Collection entries
------------------------------
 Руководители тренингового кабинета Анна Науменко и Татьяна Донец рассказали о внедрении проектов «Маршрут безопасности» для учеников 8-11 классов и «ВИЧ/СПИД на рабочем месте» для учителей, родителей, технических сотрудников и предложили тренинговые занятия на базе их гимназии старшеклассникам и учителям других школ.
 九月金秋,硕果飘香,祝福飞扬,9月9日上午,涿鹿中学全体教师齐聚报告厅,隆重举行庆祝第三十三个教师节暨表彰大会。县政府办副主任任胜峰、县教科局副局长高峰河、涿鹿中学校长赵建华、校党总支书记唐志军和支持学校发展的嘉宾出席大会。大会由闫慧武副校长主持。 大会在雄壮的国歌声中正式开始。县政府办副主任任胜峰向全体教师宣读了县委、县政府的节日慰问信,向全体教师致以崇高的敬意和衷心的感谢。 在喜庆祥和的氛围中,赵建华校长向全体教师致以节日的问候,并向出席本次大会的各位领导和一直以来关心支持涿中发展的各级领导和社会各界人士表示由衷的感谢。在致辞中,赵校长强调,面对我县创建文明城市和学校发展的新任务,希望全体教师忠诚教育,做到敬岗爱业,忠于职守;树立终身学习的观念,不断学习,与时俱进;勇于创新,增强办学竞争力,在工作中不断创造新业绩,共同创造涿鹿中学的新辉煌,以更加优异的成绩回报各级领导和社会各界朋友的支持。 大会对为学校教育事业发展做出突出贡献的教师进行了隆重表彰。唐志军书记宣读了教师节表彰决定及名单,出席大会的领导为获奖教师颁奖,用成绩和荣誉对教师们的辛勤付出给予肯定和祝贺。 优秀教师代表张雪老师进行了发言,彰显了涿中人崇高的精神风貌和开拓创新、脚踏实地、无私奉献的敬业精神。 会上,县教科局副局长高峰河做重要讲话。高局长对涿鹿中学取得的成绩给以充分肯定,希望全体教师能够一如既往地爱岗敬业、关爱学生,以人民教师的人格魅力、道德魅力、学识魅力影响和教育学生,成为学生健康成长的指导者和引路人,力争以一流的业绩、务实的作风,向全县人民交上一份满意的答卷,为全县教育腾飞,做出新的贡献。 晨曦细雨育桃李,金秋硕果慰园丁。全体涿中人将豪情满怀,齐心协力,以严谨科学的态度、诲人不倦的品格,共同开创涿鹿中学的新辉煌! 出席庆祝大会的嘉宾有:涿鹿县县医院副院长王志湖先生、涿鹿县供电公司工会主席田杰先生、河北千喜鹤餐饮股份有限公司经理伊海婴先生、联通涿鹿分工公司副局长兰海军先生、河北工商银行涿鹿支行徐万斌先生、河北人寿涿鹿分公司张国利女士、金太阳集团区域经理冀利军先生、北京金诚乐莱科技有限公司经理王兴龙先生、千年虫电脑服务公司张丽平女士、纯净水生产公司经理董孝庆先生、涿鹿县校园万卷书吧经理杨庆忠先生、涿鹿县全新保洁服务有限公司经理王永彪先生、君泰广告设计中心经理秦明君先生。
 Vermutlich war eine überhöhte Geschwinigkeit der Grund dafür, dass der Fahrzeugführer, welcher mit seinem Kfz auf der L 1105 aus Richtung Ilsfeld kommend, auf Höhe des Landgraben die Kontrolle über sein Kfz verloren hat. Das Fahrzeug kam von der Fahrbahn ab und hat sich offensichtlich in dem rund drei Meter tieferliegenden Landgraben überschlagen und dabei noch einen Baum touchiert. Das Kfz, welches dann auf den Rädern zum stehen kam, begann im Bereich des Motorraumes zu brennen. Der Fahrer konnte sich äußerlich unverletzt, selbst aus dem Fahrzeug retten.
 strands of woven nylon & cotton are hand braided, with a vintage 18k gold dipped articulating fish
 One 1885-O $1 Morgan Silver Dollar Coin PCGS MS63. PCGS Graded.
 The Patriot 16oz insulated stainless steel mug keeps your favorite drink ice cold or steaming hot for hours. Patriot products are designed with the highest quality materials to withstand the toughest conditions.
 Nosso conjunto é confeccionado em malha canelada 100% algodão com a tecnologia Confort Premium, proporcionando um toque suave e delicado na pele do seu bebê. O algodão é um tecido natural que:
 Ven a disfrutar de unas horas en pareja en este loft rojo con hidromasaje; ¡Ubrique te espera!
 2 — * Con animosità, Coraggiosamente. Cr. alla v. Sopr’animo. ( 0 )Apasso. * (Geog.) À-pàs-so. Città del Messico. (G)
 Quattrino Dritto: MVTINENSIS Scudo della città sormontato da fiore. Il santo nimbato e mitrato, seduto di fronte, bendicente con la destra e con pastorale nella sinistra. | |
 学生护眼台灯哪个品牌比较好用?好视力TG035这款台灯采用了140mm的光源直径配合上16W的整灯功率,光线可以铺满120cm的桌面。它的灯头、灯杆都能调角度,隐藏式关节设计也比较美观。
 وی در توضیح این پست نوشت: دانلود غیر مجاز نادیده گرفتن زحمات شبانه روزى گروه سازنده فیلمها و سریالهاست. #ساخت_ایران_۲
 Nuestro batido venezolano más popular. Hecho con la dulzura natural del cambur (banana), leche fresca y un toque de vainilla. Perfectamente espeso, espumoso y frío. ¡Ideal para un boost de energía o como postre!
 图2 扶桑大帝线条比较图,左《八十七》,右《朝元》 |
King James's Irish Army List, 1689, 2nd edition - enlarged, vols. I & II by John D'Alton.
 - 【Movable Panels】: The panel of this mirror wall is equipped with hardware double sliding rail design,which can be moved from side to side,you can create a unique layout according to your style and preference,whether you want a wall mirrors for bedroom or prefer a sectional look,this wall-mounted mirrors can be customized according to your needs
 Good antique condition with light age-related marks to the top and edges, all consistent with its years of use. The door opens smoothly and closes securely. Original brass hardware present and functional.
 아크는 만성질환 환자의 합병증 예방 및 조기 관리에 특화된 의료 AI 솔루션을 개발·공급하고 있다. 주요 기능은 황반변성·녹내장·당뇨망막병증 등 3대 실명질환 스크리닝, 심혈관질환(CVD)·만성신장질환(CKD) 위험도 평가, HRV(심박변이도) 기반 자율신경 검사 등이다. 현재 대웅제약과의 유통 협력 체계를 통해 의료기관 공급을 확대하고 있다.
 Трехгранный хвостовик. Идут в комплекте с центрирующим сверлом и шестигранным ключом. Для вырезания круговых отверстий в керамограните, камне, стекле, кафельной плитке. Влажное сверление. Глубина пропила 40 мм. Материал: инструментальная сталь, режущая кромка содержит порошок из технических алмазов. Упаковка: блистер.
------------------------------
— Problem to work on —
What is needed is an exact copy of the lines above, from the one containing "Quattrino Dritto: MVTINENSIS" through the one containing "学生护眼台灯哪个品牌比较好用", with nothing added.

— Final answer —
 Quattrino Dritto: MVTINENSIS Scudo della città sormontato da fiore. Il santo nimbato e mitrato, seduto di fronte, bendicente con la destra e con pastorale nella sinistra. | |
 学生护眼台灯哪个品牌比较好用?好视力TG035这款台灯采用了140mm的光源直径配合上16W的整灯功率,光线可以铺满120cm的桌面。它的灯头、灯杆都能调角度,隐藏式关节设计也比较美观。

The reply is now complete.